::: Source information

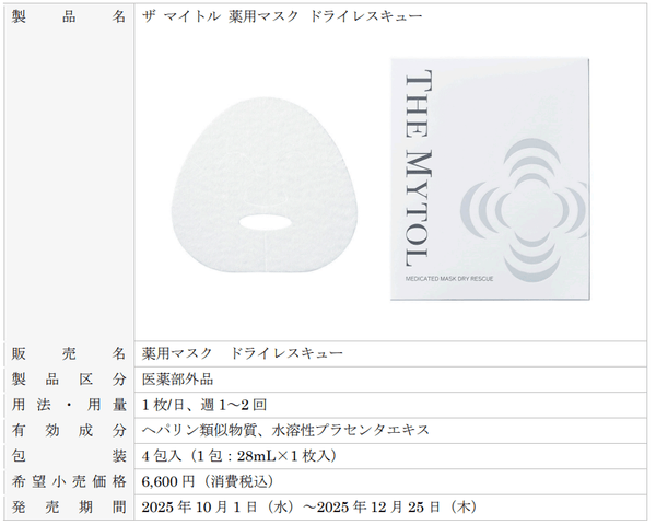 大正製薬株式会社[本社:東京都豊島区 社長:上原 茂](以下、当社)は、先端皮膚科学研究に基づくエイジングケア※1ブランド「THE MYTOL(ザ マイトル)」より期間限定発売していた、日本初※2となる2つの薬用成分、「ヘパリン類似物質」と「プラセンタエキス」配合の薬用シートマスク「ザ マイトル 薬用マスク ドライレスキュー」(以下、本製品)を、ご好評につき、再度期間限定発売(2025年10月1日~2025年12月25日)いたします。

::::::
::: Source information

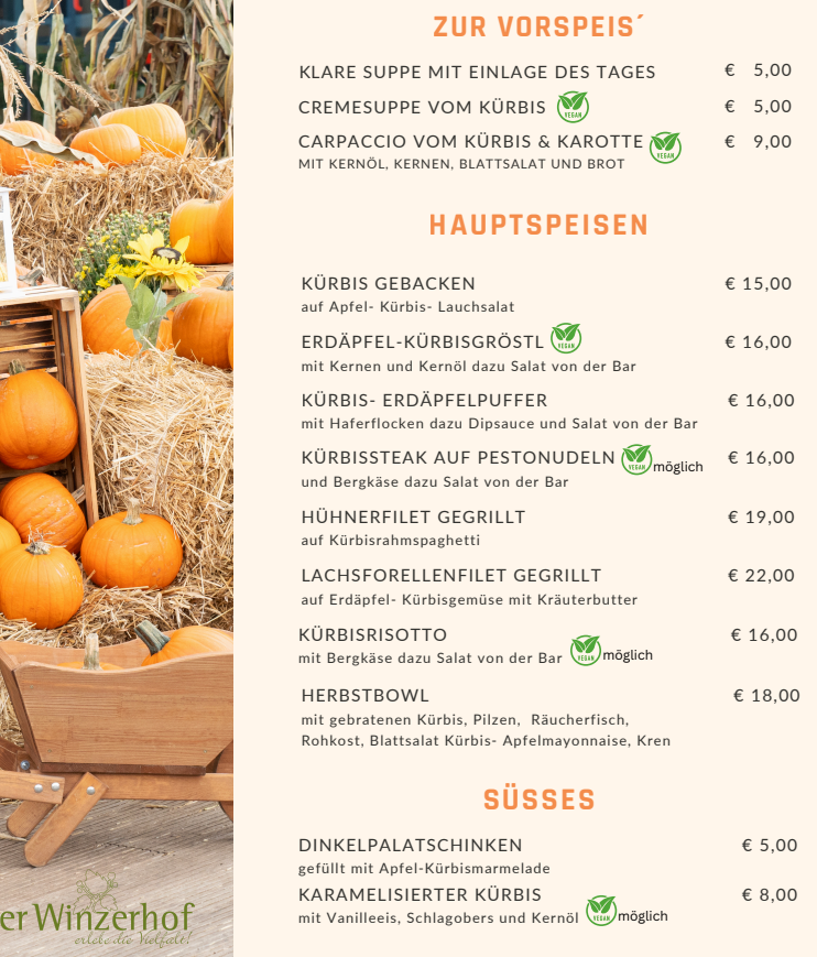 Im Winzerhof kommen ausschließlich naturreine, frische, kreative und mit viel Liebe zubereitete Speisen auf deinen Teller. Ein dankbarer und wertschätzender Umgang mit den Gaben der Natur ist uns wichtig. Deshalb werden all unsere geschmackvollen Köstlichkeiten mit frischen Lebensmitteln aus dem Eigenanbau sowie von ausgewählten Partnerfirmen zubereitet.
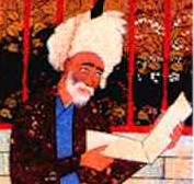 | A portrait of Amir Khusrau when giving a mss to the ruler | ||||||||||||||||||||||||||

::::::

__Work instruction__.
Starting at the line with "Im Winzerhof kommen" in the entries above, write out every line exactly until the line with "ruler | ||||||||||||||||||||||||||" has been written. Include no pictures and nothing more.

__Completed task__.
 Im Winzerhof kommen ausschließlich naturreine, frische, kreative und mit viel Liebe zubereitete Speisen auf deinen Teller. Ein dankbarer und wertschätzender Umgang mit den Gaben der Natur ist uns wichtig. Deshalb werden all unsere geschmackvollen Köstlichkeiten mit frischen Lebensmitteln aus dem Eigenanbau sowie von ausgewählten Partnerfirmen zubereitet.
 | A portrait of Amir Khusrau when giving a mss to the ruler | ||||||||||||||||||||||||||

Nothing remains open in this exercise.